Como magistrado de la ciudad, con frecuencia se mostró concienzudo e ilustrado, aunque siguió siendo característicamente irresponsable en asuntos financieros.
Reelegido por Middlesex en 1774, después de comprometerse con el programa radical, habló en varias ocasiones contra la Guerra Revolucionaria Americana y una vez en apoyo de la reforma parlamentaria. Pronto adquirió reputación de falta de sinceridad y se dice que admitió que sus discursos contra los ministros tenían como único objetivo mantener su popularidad en Londres. Aproximadamente a partir de 1779 su popularidad disminuyó notablemente.
En 1780, durante los disturbios de Gordon contra los católicos romanos, tomó medidas firmes para sofocar a los alborotadores, de quienes unos años antes se había alegrado de recibir apoyo. En Middlesex siguió siendo popular, y fue reelegido con su plataforma radical en 1780 y 1784. En 1782, la eliminación de las revistas de los Comunes de la resolución de 1769 contra él reivindicó su defensa de los derechos de los electores parlamentarios.

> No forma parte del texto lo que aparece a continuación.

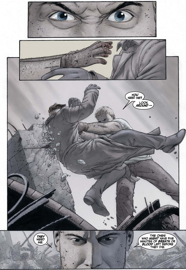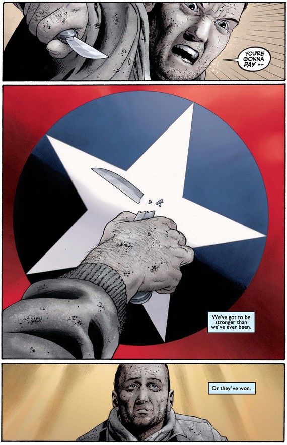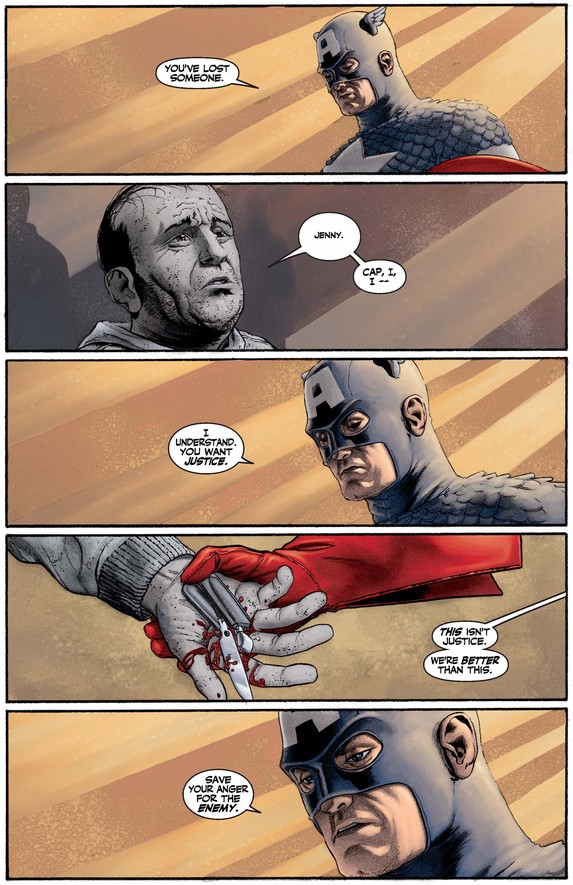 Even more touching, the first man asks Cap to go easy on his attacker, to whom he reaches out in sympathy, which gives Cap a little bit of hope that they can rise above the impulse for revenge and pursue justice instead.

Después de 1784, las cuestiones que lo habían hecho popular quedaron frías, su fuego se apagó y en 1790 halló tan poco apoyo en Middlesex que se negó a participar en las elecciones. Murió en Londres en 1797.

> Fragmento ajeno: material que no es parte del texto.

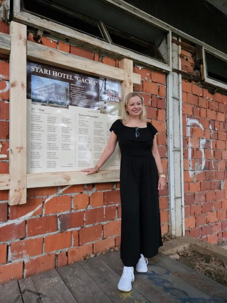 Ideja dr. sc. Ane Klikovac iz Zagreba o postavljanju svojevrsne spomen ploče, ili hommage hotelu Gacka u Ličkom Lešću, naišla je na plodno tlo. Današnje svečano otkrivanje spomen ploče sa stihovima posvećenima hotelu “Još si lijep” popraćeno je predstavljanjem knjige stihova i fotografija Gacke “Ljubav koja vene i ljubav koja cvate”, pa su na nesvakidašnjoj svečanosti posvećenoj Gacki govorile autorica knjige i inicijatorica postavljanja ploče dr. sc. Ana Klikovac i recenzentica zbirke Tamara Jurković, voditeljica book cafea Paradiso. Ploču su zajedno otkrili otočki gradonačelnik Goran Bukovac i dr. sc. Ana Klikovac.

Era personalmente extremadamente feo, con un estrabismo espantoso, pero tenía un encanto que dominaba todo lo que tenía delante. Se jactaba de que “le llevó sólo media hora hablar de su rostro” y declaraba que “un mes de ventaja sobre su rival a causa de su rostro” le aseguraría la conquista en cualquier aventura amorosa. Una vez, durante su lucha con el gobierno de Jorge III, cuando lo invitaron a montar una mesa de juego, respondió: “No me preguntes, porque soy tan ignorante que no puedo distinguir la diferencia entre un rey y un bribón”.
La risueña afirmación de Sandwich de que Wilkes moriría de viruela o en la horca provocó la respuesta relámpago: "Eso depende, mi señor, de si acepto a su amante o sus principios".
Cuando uno de sus asociados de la ciudad perdió la paciencia y declaró furioso: “Ya no seré tu trasero”, “con todo mi corazón”, dijo Wilkes, “nunca me gusta uno vacío”.
Cargado a menudo de malicia, contaba chistes contra sus enemigos, pero también le hacía perder amigos. Como periodista y panfletista de la oposición, era contundente e incisivo, pero carecía de voz o talento para el debate en la Cámara de los Comunes. Su logro residió en ampliar las libertades de prensa.
Su impugnación llevó a que el tribunal concluyera que las órdenes generales utilizadas hasta ahora por el gobierno contra la prensa eran ilegales, y destruyó efectivamente el poder de las Cámaras del Parlamento para exigir represalias por la información de los debates parlamentarios.